Funny... but not "ha-ha" funny. January 1, 2009 Severely undersexed and uneducated adolescents everywhere, rejoice! This is the game your parents' have unknowingly steered you toward ever since they turned the other way and said nothing when they caught you vigorously masturbating to the pictures you secretly took of your 5 year old cousin peeing on her barbies. There is finally an outlet for your severe social dysfunction(s) that (probably) won't necessitate a trip to the slammer - and this is it.
After the opening screen, I knew instantly that the only way I could possibly allow myself to play through this game without wanting to kill myself afterward was if I was utterly, mind-numbingly sloshed. So, I played a drinking game with my wife--which is what you might have someday if you get a girlfriend, kids--in which we took a shot of hard-A every time something happened on-screen that would've made even the most paltry intellectual disembowel himself in horror, and within about 30 seconds I was ready to continue. My wife , however, couldn't take it, and went to take a shower to try and scrub some of the inanity from her brain. She fell HARD and hit her head a few times along the way, (which I thought was due to the alcohol), but I later found out it was 110% intentional - which really makes sense; this game will turn your brain matter into fecal matter much more quickly and permanently than any concussion possibly could. My wife is a genius, and I love her - so I took the bullet for both of us.
In retrospect, alcohol just wasn't enough. Also, according to my wife: "Neither were the attempted concussions."

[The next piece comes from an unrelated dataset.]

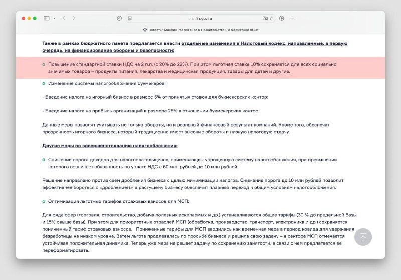Министерство финансов готовит повышение цен: НДС могут увеличить на два процентных пункта — до 22%. Законопроект уже разработан и передан в правительство. Это приведет к тому, что цены на большинство товаров возрастут. Исключение составят лекарства, детские товары и другие социально значимые категории, для которых останется льготная ставка в 10%. Если изменения будут приняты, они начнут действовать с 1 января 2026 года. Дополнительную информацию можно найти на сайте Минфина. Постмейкер - автоматическое ведение канала 🤖 Анимация | СhatGPT-4 | Помощь с резюме

While the one-liners were cliche and uninventive at their VERY best, I DID greatly appreciate the unintentional comic value of the silhouette cast by the intellectual vacuum of this poor, poor excuse for a game - do I really need to explain what that shape was? (Wait... I forgot my audience for a moment; of course I do). It was a plain, tiny, weepy PHALLUS, swelling only with the collective impotence of boys who learned their sexuality online or from S.I. pinups. With more than a "... Huh" than any kind of actual enjoyment of this sad experience, I promptly returned the game for a full refund.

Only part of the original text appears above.